My psychic child may not be psychic, but the faith is still there
February 2, 2009 by Jennifer Walker-Journey
Filed under Parenting
Ok, so maybe my son isn’t psychic. He predicted Arizona to win the super bowl. I think he was off because he’s not much of a pro ball fan at this point. If he were, though, I’m sure he would have nailed that prediction.
My husband Rick anchors four hours of the morning news here and pretty much the only time I see or hear him on TV is on those days I’m driving my son to preschool. Rick’s show is followed by Mike and Juliet and last week they had Sylvia Brown as a guest. She is a bona fide psychic. I mean, really. She wanted Arizona to win but said the Steelers would get it. See? She also predicted that in 2009 Brad and Angelina would split and Britney Spears would have some kind of illness and Barack Obama would get us out of this economic crisis. So I’m going to be keeping track this year to see if her prophecies come true.
Sylvia Brown sees dead people, and that fascinates me. I’ve seen her on various TV shows. I love to watch her tell people what their deceased relatives are saying. Fascinating! Six and a half years ago a British psychic not unlike Sylvia Brown came on my husband’s show. My husband is quite the skeptic but I insisted he ask her about my mother. It’s not like me to pursue psychic readings. Really, the thought terrifies me. But I guess it was the hope of hearing something from my mother that made me press him. It had been three years since she died and the wound was still quite sore to the touch. My husband reluctantly agreed. He called me that morning and told me that after the interview he walked the psychic out and thanked her for coming. She said, “What did you want to ask me?” And, a bit startled, my husband said he wanted to know about his MIL. She said, “I see a woman standing behind you. She has long, golden hair and she is – I’m sorry to say this – but rather portly.

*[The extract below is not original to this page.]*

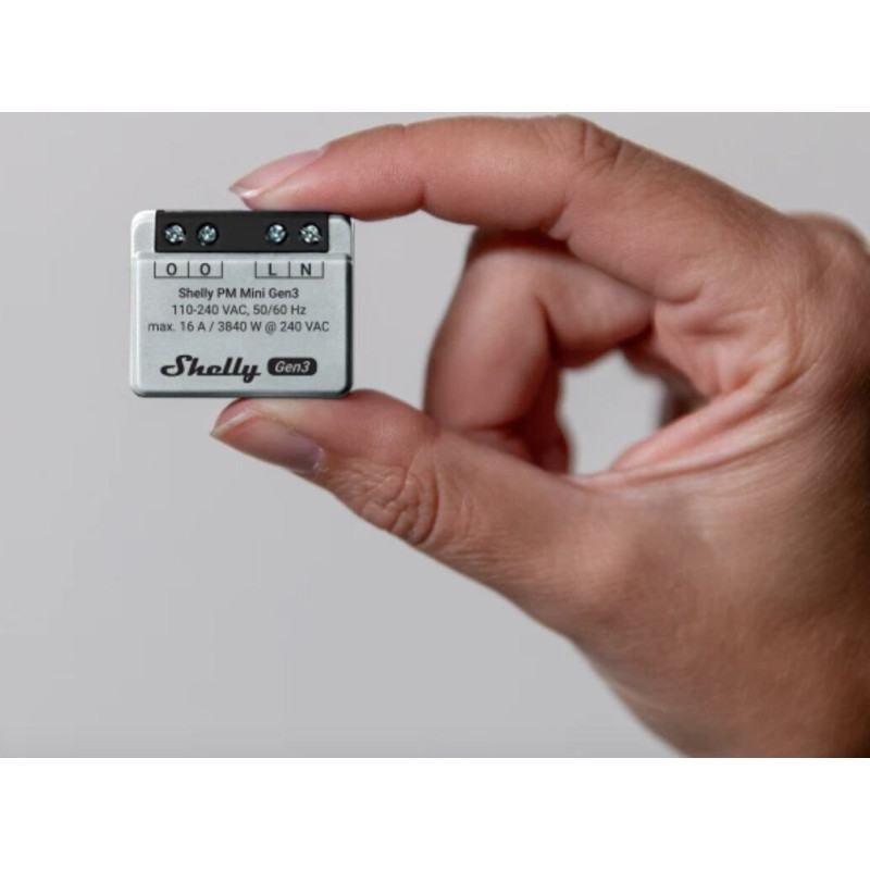 Pasaulē mazākais elektroenerģijas skaitītājs precīzai elektrības kontrolei. Automatizējiet apgaismojumu vai ierīces mazāk nekā 10 minūtēs un uzraugiet to enerģijas patēriņu no jebkuras vietas. Pietiekami mazs, lai ietilptu aiz jebkura sienas slēdža vai strāvas kontaktligzdas, Shelly PM Mini Gen3 var uzstādīt pēc izvēles un pilnībā integrēt ar jūsu esošo viedo ekosistēmu.

Oh, she just rolled her eyes when I said that.” So my mother! For two of the last three years of her life she was put on hormone therapy to starve the cancer. It worked, but the meds made her gain a lot of weight. Having been weight-conscious all her life, she was mortified by it.

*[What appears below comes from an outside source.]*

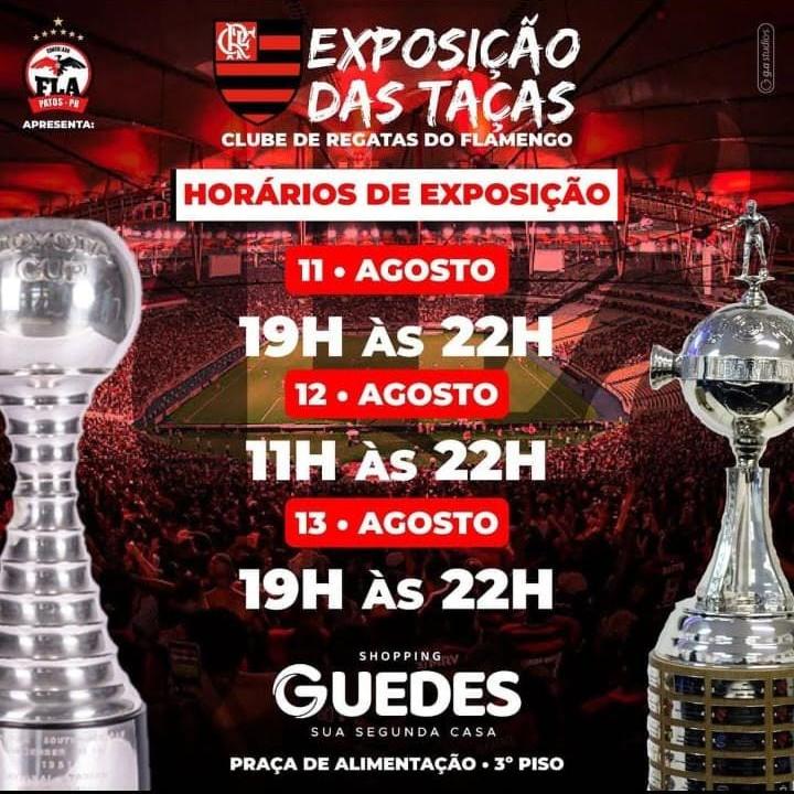 Por meio de uma parceria entre a torcida organizada do Flamengo, @Flapatospb, e o Guedes Shopping, as taças de Campeão Mundial de Clubes do Flamengo de 1981 e da Libertadores da América de 2019, conquistadas pelo Flamengo, estarão expostas na cidade de Patos, entre os dias 11 e 13 de agosto.

The psychic went on to say that my mother has seen a lot of moving of furniture (we had just moved into a new house weeks before) and painting of rooms (yup, did that too before the move). She said my mother wanted him to know that she could breathe freely and that she was not in any pain. This was significant to me. When my mother died I had to know what caused her death. I’m not sure why I wanted to know that little detail. The cancer was eating through her organs, but I wanted to know if death came because of organ failure or was it because her heart just gave out or did the fluid buildup in her lungs ultimately drown her? It was the latter. While under that morphine unconsciousness with the oxygen tube blowing in her nose, she simply lost the ability to gasp for air. I suppose dead people don’t breathe, but knowing that she was “breathing” fine up there in the other life and not in constant, excruciating pain gave me some peace. My husband had a dozen ways to dismiss that reading as coincidence. But it was deeply comforting to me.
And then the psychic looked straight at my husband and said, “And she knows about the baby.” My husband said, “What baby?” And the woman smiled and continued, “She knows about the baby and she’s very happy.”
I asked my ever-skeptic husband to explain this one. Just two days earlier – a solid week before my period was scheduled to come – I took a pregnancy test. It was positive. We had told no one.
I ended up miscarrying two months later and a few months after that I got pregnant again and nine months (actually, 40 weeks is more like 10 months but who’s counting?) later we had Truman.
Strange as it sounds, I have always been comforted in these years that followed my mother’s death, that she does know about her only grandson. That somewhere up there she is looking down and gushing over with joy. And knowing her, she’s probably laughing her head off because Truman, like me, can talk hours straight about nothing and is completely incapable of sitting still for more than 20 seconds. “Paybacks,” she’d say. “Paybacks.”